BEGIN
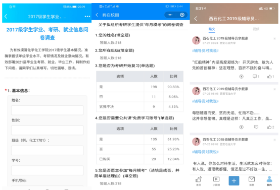 “全过程”辅导帮扶。在学院党委的统筹指导下,通过及时调研、争取资源、开放场地、精准帮扶、心理疏导等方式,对考研学生进行全过程辅导帮扶。2017级及时开展本科生考研复习、报考意愿调研,一对一完善求职简历,建立考研复试交流群,鼓励师生之间增强交流,分享考研复习方法和各高校、研究所招生信息;争取校外专业备考资源,联系开放免费网络学习资源,筹备定期举办摸底考试进行分析指导;开放学院会议室,延长早晚复习时间,为学生提供良好复习环境;各系组织专业老师积极为考研学子答疑解惑,梳理专业知识的同时,对学生英语、备考信息收集及沟通能力进行强化;各班组长定期与考研学子交流,积极引导正确看待考研焦虑等问题,鼓励同学们增强自信,相信自己。学院团委依托“易班”网络思政教育平台,在学院心理专干余靓豪老师指导下,积极开展线上交流、趣味活动等方式,关注学生心理健康,及时进行疏导帮助,为学子考研复试提供强有力的保障。
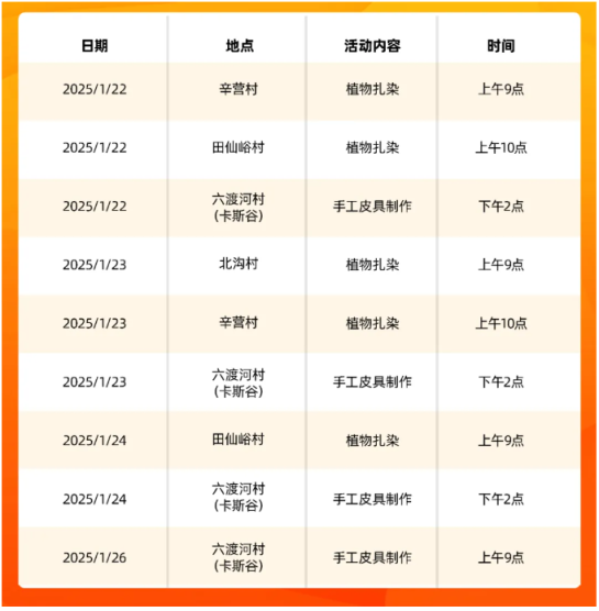 本次活动为入住渤海镇民宿的游客及本镇村民准备了植物扎染、手工皮具制作等活动,每场15人次免费体验,先到先得。
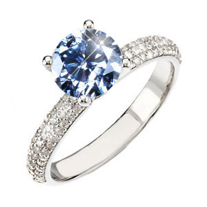 Classic Micropave Platinum Engagement Ring with Fancy Blue Diamond
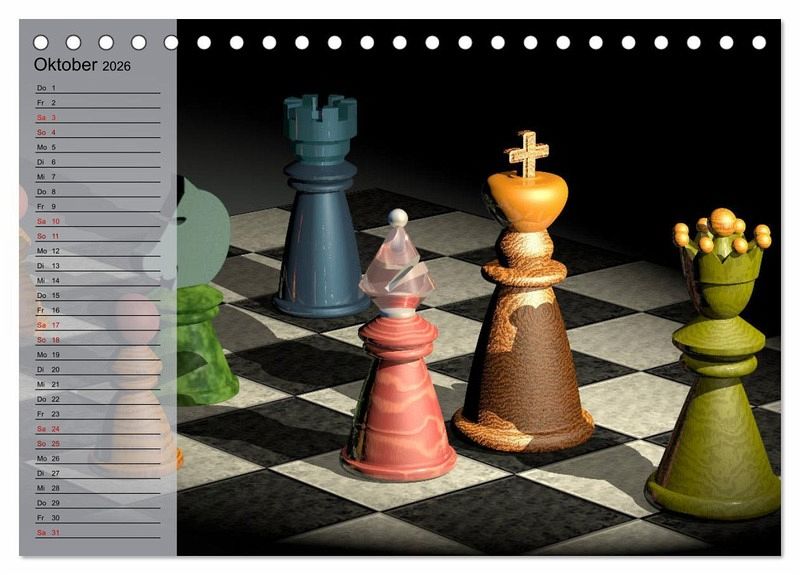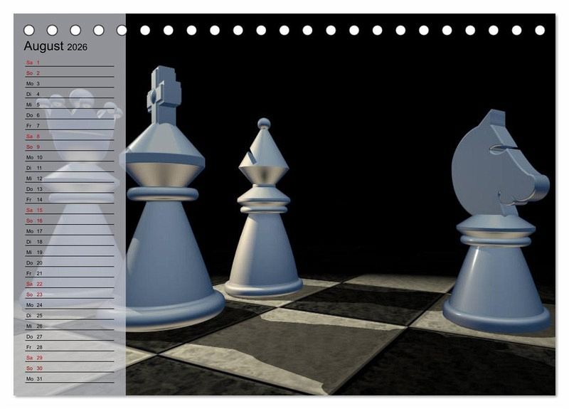 Das Wort Schach wurde vom persischen Wort "Schah" abgeleitet, was König bedeutet. Daher wird Schach gerne als Spiel der Könige bezeichnet, oder auch das königliche Spiel. Auf jedem Kalenderblatt faszinieren uns fantastische Bilder dieses strategischen Brettspiels. Die schönsten Aufnahmen verschiedener Fotokünstler wurden eigens für diesen außergewöhnlichen Bildkalender mit Planerfunktion zusammengestellt. Das passende Geschenk für alle die sich für Schach begeistern und schöne Bilder lieben.
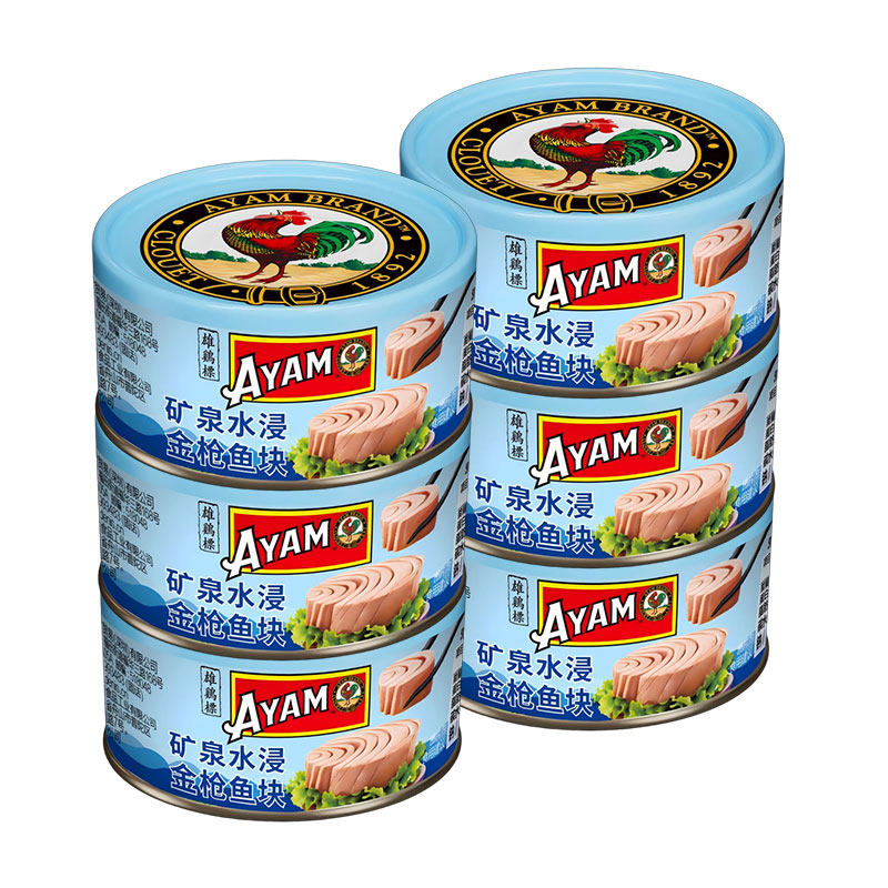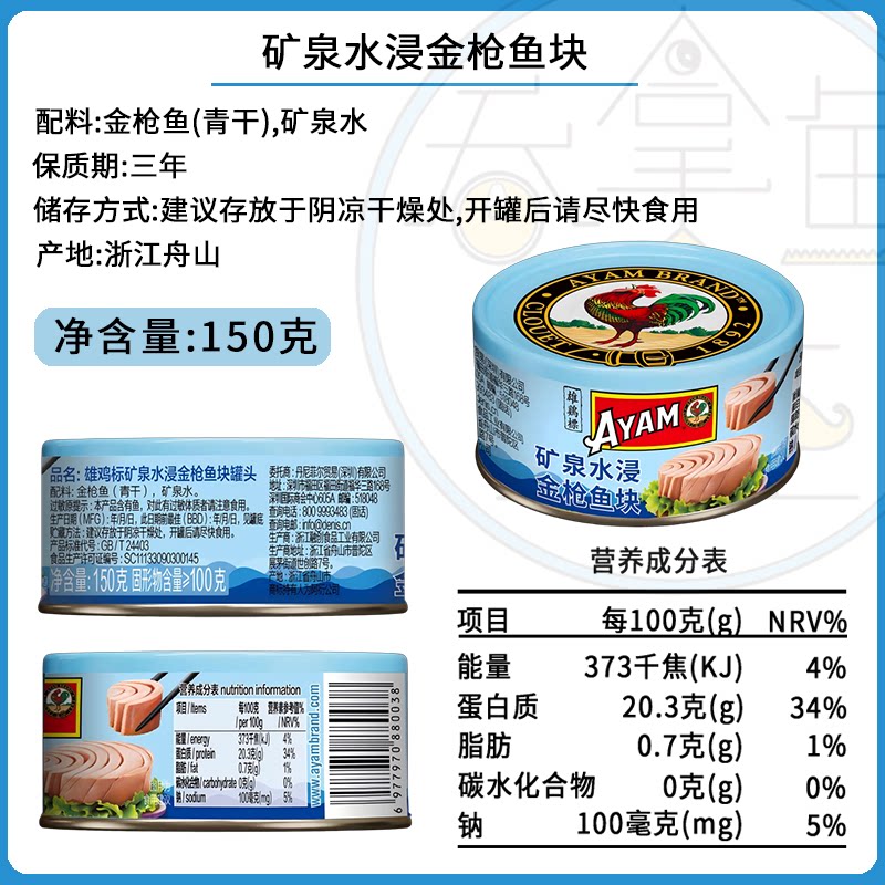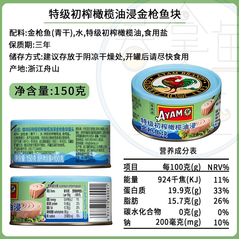 雄鸡标150g大罐吞拿鱼金枪鱼罐头即食橄榄油浸水浸配盖叉六罐装
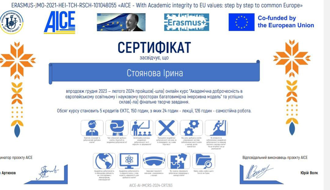2023 | «Академічна доброчесність в європейському освітньому і науковому просторах багатовимірна імерсивна модель». Сертифікат № AICE-AL-IMCRS-2024-CRT328 (150 годин – 5 кредитів ЄКТС; Термін навчання: Грудень 2023 р. – лютий 2024 р.) |
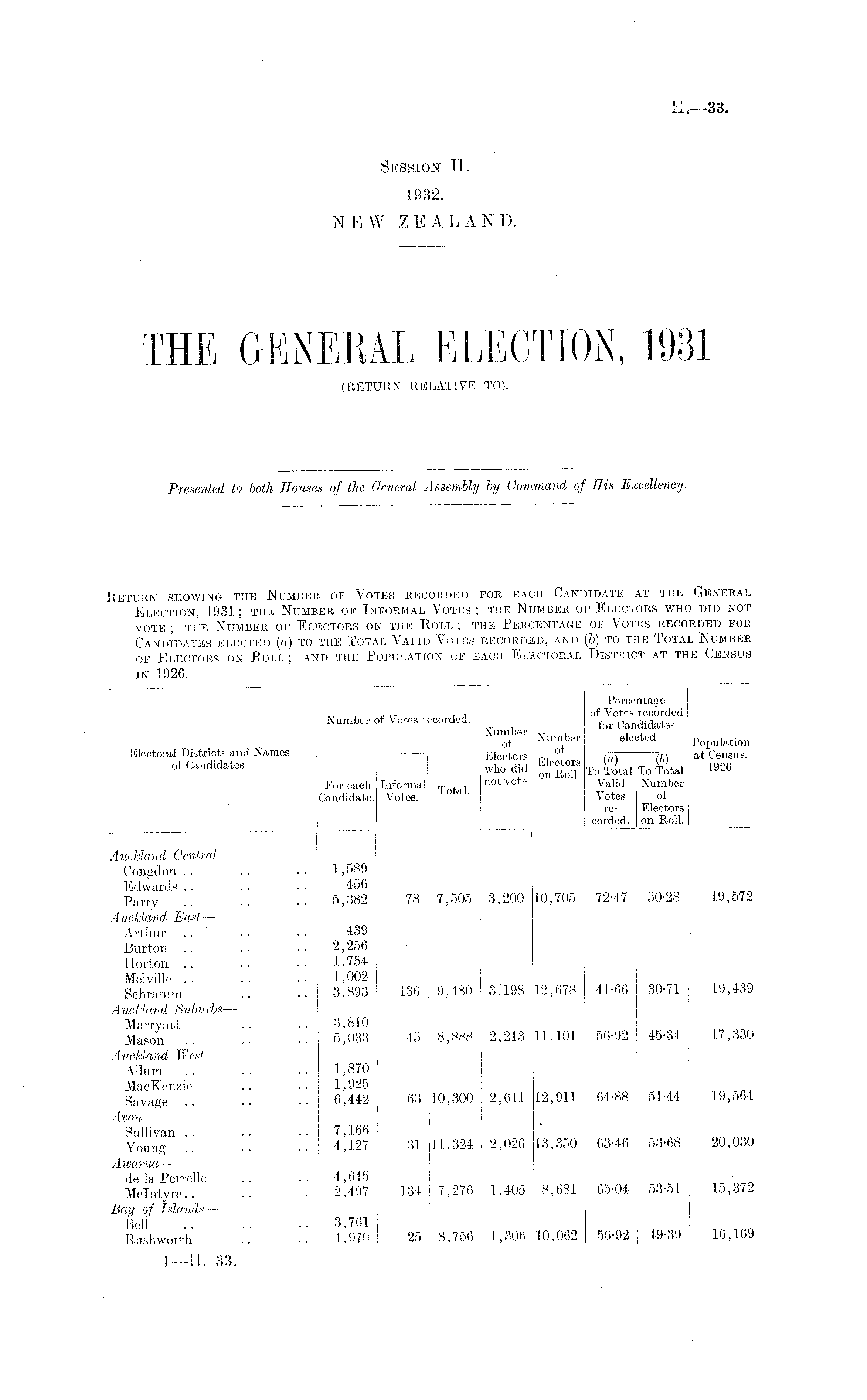 Return showing the Number of Votes recorded for each Candidate at the General Election, 1931; the Number of Informal Votes; the Number of Electors who did not vote; the Number of Electors on the Roll; the Percentage of Votes recorded for Candidates elected (a) to the Total Valid Votes recorded, and (b) to the Total Number of Electors on Roll; and the Population of each Electoral District at the Census in 1926.
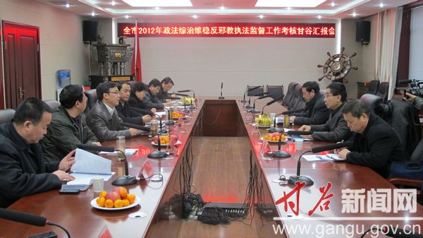 12月18日,市委政法委常務(wù)副書記陳明達(dá)帶領(lǐng)市政法綜治維穩(wěn)考核組,就甘谷縣2012年度政法綜治維穩(wěn)工作完成情況進(jìn)行了全面考核?h委常委、常務(wù)副縣長李尚平,縣委常委、政法委書記邵宏偉,縣人大副主任魏慶英,縣政協(xié)副主席陳旭及相關(guān)部門負(fù)責(zé)人陪同考核。
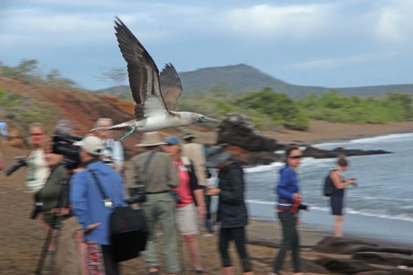 In the morning, we had an outing before breakfast, just so that we could use the time more efficiently and get the best light of the day for photography; we landed on Punta Cormorant. Here we started on a green-olivine beach where there is a small colony of sea lions and some blue footed boobies. Behind this beach there is a lagoon, where we found flamingos for the first time in the trip. These birds are a recent arrival to the Galapagos, making these residents of the Archipelago. At the end of the trail on a white sand beach, we visited an active sea turtle nesting site.
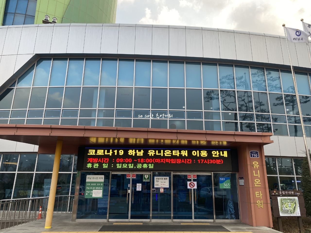 하남 가볼만한 곳 하남 유니온 타워는 코로나 19로 인해서 개방시간이 바뀌었다. 하남 유니온타워 개방시간은 오전 9시 ~ 오후 6시까지 이고 마지막 입장시간은 오후 5시 30분이다. 휴관일은 일요일이나 공휴일이니 참고하면 되겠다. 하남 유니온 타워 입장료는 무료이다.
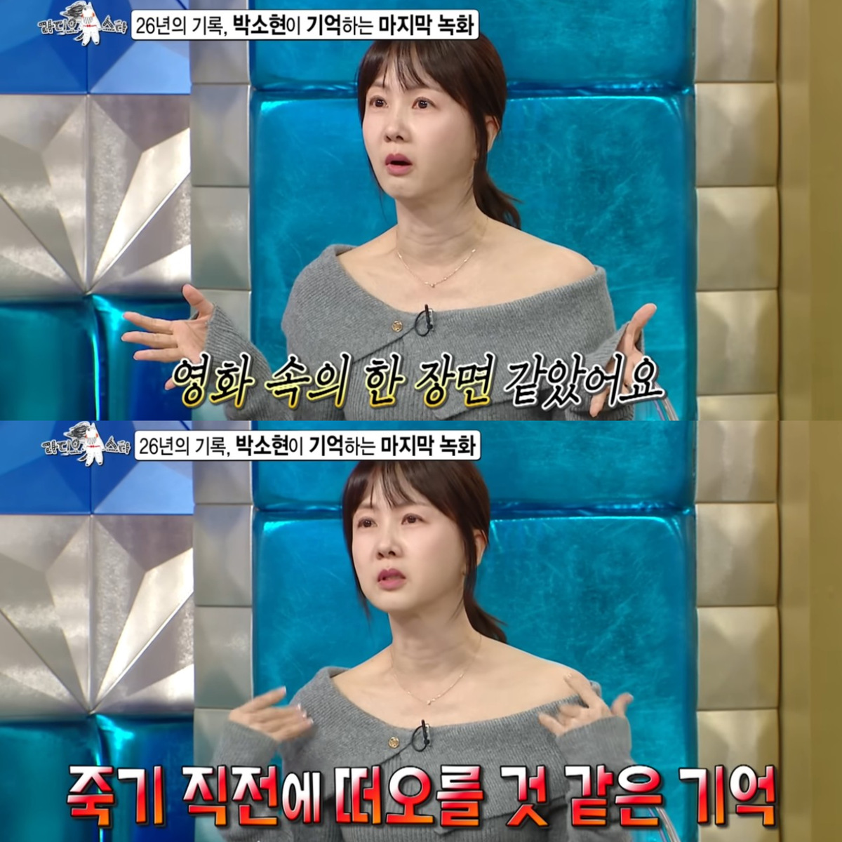 '세상에 이런 일이'의 마지막 녹화 당시. 유튜브 채널 '라디오스타' 영상 캡처 이에 박소현은 “‘여기서 나까지 울면 안 되겠다’고 생각해 이를 악물고 눈물을 참으며 프로그램을 잘 마무리했다”고 말했다. 박소현이 임성훈 아나운서에게 감사의 말을 전하던 그 때, ‘라디오스타’에서는 ‘세상에 이런 일이’의 마지막 녹화 현장 영상이 공개되기도 했다. 당시에는 눈물을 참으며 프로그램을 잘 마무리해야겠다는 생각에 담담한 모습을 보이던 박소현은 공개된 영상을 보고 끝내 참았던 눈물을 터트리며 “저 때는 제정신이 아니었다”라면서 “방송에서는 안 울었는데 녹화가 끝나고 나서야 눈물이 막 쏟아졌다”고 심경을 전했다.
END
Work instructions:
Please reproduce the records above exactly, leaving out every picture.

Output of the exercise:
 “全过程”辅导帮扶。在学院党委的统筹指导下,通过及时调研、争取资源、开放场地、精准帮扶、心理疏导等方式,对考研学生进行全过程辅导帮扶。2017级及时开展本科生考研复习、报考意愿调研,一对一完善求职简历,建立考研复试交流群,鼓励师生之间增强交流,分享考研复习方法和各高校、研究所招生信息;争取校外专业备考资源,联系开放免费网络学习资源,筹备定期举办摸底考试进行分析指导;开放学院会议室,延长早晚复习时间,为学生提供良好复习环境;各系组织专业老师积极为考研学子答疑解惑,梳理专业知识的同时,对学生英语、备考信息收集及沟通能力进行强化;各班组长定期与考研学子交流,积极引导正确看待考研焦虑等问题,鼓励同学们增强自信,相信自己。学院团委依托“易班”网络思政教育平台,在学院心理专干余靓豪老师指导下,积极开展线上交流、趣味活动等方式,关注学生心理健康,及时进行疏导帮助,为学子考研复试提供强有力的保障。
 本次活动为入住渤海镇民宿的游客及本镇村民准备了植物扎染、手工皮具制作等活动,每场15人次免费体验,先到先得。
 Classic Micropave Platinum Engagement Ring with Fancy Blue Diamond
 Das Wort Schach wurde vom persischen Wort "Schah" abgeleitet, was König bedeutet. Daher wird Schach gerne als Spiel der Könige bezeichnet, oder auch das königliche Spiel. Auf jedem Kalenderblatt faszinieren uns fantastische Bilder dieses strategischen Brettspiels. Die schönsten Aufnahmen verschiedener Fotokünstler wurden eigens für diesen außergewöhnlichen Bildkalender mit Planerfunktion zusammengestellt. Das passende Geschenk für alle die sich für Schach begeistern und schöne Bilder lieben.
 雄鸡标150g大罐吞拿鱼金枪鱼罐头即食橄榄油浸水浸配盖叉六罐装
2023 | «Академічна доброчесність в європейському освітньому і науковому просторах багатовимірна імерсивна модель». Сертифікат № AICE-AL-IMCRS-2024-CRT328 (150 годин – 5 кредитів ЄКТС; Термін навчання: Грудень 2023 р. – лютий 2024 р.) |
 Return showing the Number of Votes recorded for each Candidate at the General Election, 1931; the Number of Informal Votes; the Number of Electors who did not vote; the Number of Electors on the Roll; the Percentage of Votes recorded for Candidates elected (a) to the Total Valid Votes recorded, and (b) to the Total Number of Electors on Roll; and the Population of each Electoral District at the Census in 1926.
 12月18日,市委政法委常務(wù)副書記陳明達(dá)帶領(lǐng)市政法綜治維穩(wěn)考核組,就甘谷縣2012年度政法綜治維穩(wěn)工作完成情況進(jìn)行了全面考核?h委常委、常務(wù)副縣長李尚平,縣委常委、政法委書記邵宏偉,縣人大副主任魏慶英,縣政協(xié)副主席陳旭及相關(guān)部門負(fù)責(zé)人陪同考核。
 In the morning, we had an outing before breakfast, just so that we could use the time more efficiently and get the best light of the day for photography; we landed on Punta Cormorant. Here we started on a green-olivine beach where there is a small colony of sea lions and some blue footed boobies. Behind this beach there is a lagoon, where we found flamingos for the first time in the trip. These birds are a recent arrival to the Galapagos, making these residents of the Archipelago. At the end of the trail on a white sand beach, we visited an active sea turtle nesting site.
 하남 가볼만한 곳 하남 유니온 타워는 코로나 19로 인해서 개방시간이 바뀌었다. 하남 유니온타워 개방시간은 오전 9시 ~ 오후 6시까지 이고 마지막 입장시간은 오후 5시 30분이다. 휴관일은 일요일이나 공휴일이니 참고하면 되겠다. 하남 유니온 타워 입장료는 무료이다.
 '세상에 이런 일이'의 마지막 녹화 당시. 유튜브 채널 '라디오스타' 영상 캡처 이에 박소현은 “‘여기서 나까지 울면 안 되겠다’고 생각해 이를 악물고 눈물을 참으며 프로그램을 잘 마무리했다”고 말했다. 박소현이 임성훈 아나운서에게 감사의 말을 전하던 그 때, ‘라디오스타’에서는 ‘세상에 이런 일이’의 마지막 녹화 현장 영상이 공개되기도 했다. 당시에는 눈물을 참으며 프로그램을 잘 마무리해야겠다는 생각에 담담한 모습을 보이던 박소현은 공개된 영상을 보고 끝내 참았던 눈물을 터트리며 “저 때는 제정신이 아니었다”라면서 “방송에서는 안 울었는데 녹화가 끝나고 나서야 눈물이 막 쏟아졌다”고 심경을 전했다.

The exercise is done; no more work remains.